Любушка Кучаева, с уверенным видом освоенного в доме и привычного человека, бойко повела Тамару через несколько комнат прямо в кабинет хозяйки.
— Очень рада познакомиться! — встав из-за рояля, преувеличенно ласково и с деланною простотою протянула эта последняя обе руки навстречу Тамаре. — Э, да какая вы хорошенькая! — воскликнула она вдруг, весело вглядываясь в черты лица девушки.
Та невольно смутилась от неожиданности такого приветствия.
— Право! — подтвердила, как бы ободряя ее филантропка. Здравствуйте, Кучаева, садитесь. Хотите чаю?
И не дожидая ответа, она нажала пуговку электрического звонка и приказала вошедшему человеку подать чайный прибор и печенья.
Это была очень эффектная особа лет сорока, с припудренными волосами и лицом, сохранившая еще свою красоту и эластичность форм, очень живая, бойкая и одетая хотя и по-домашнему, но с чисто парижским шиком. Впрочем, наружность ее и манера держать себя напоминали скорее кокетку «dе la haute volec», чем петербургскую «сановницу».

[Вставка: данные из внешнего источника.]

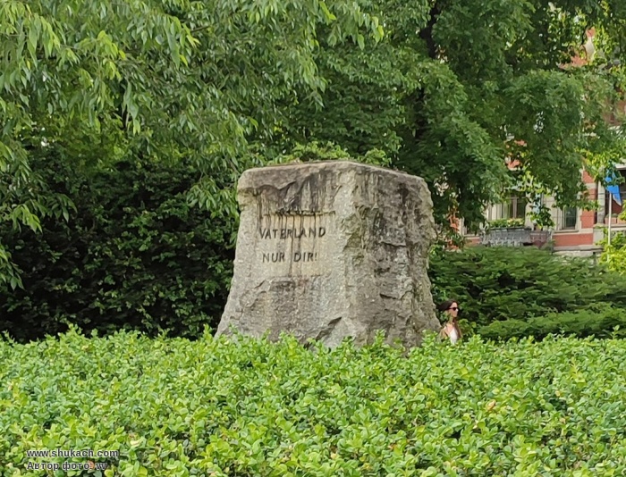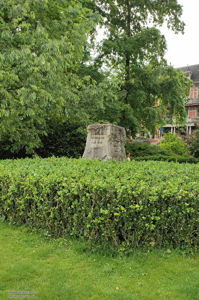 Кам'яний постамент має висоту 2,50 метра і квадратне планування 1 × 1 метр. Спереду — гасло швейцарського гімнастичного руху того часу: «ВІТЧИЗНА ТІЛЬКИ ТОБІ!», позаду: «ГІМНАСТИ ЦЮРИХА 1898 РОКУ».

Кабинет ее тоже представлял смесь кокеточного изящества и роскоши с претензией на интеллегентную деловитость. Множество разных «bijouteries» и «pеtits riens», иногда и с немножко скабрезным оттенком, прелестно уютные, укрытые уголки, располагающие к грешным помыслам и сладострастной неге, а с другой стороны — чисто департаментские папки и картонные ящики, с наклеенными на них крупно печатными надписями, вроде «по переплетной артели», «по дешевым столовым и ночлежным приютам», «по обществу покровительства женскому труду» и т. п. На изящных книжных полках и кое-где по столам — весь перец современной французской порнографии вперемежку с новейшим соком российской либеральной и радикальной эрудиции — по большей части, с надписями от авторов. Тут красовались, как бы небрежно и невзначай, но не без тщеславного умысла, положенные на вид книжки и брошюры, с бьющими в нос заглавиями, как например «Экономическое худосочие» г. Щелкунова, с надписью «Хорошему человеку, А.П. Миропольцевой, от автора»; «По чужим альковам», роман Сержа Недопрыгина, с надписью «От автора-поклонника»; «Социология в связи с биологией и психологией и ее методические особенности» профессора Глагольцева, и то же с надписью «Единомышленнице»; «Порабощение русской женщины», и опять-таки с какою-то авторскою надписью; «Успехи женской самостоятельности», «Руководство к упражнениям на трупе», «Оплодотворение и дробление животного яйца по современному состоянию науки», «Проституция от древнейших и до новейших времен» и т. п., и все с надписями более или менее комплиментного и лестного свойства. В сюжетах картин, висевших по стенам, тоже выражалась двойственность направления и симпатий хозяйки дома: с одной стороны, Леда, сладострастно замирающая под крыльями лебедя, и раздетая восточная одалиска в гареме, с другой — как верх торжества российского «художественного» реализма, — Христос в образе жидовина-заговорщика, «Отравившаяся курсистка» и паршиво-плюгавый мужичонка, казнящий что-то на ногте.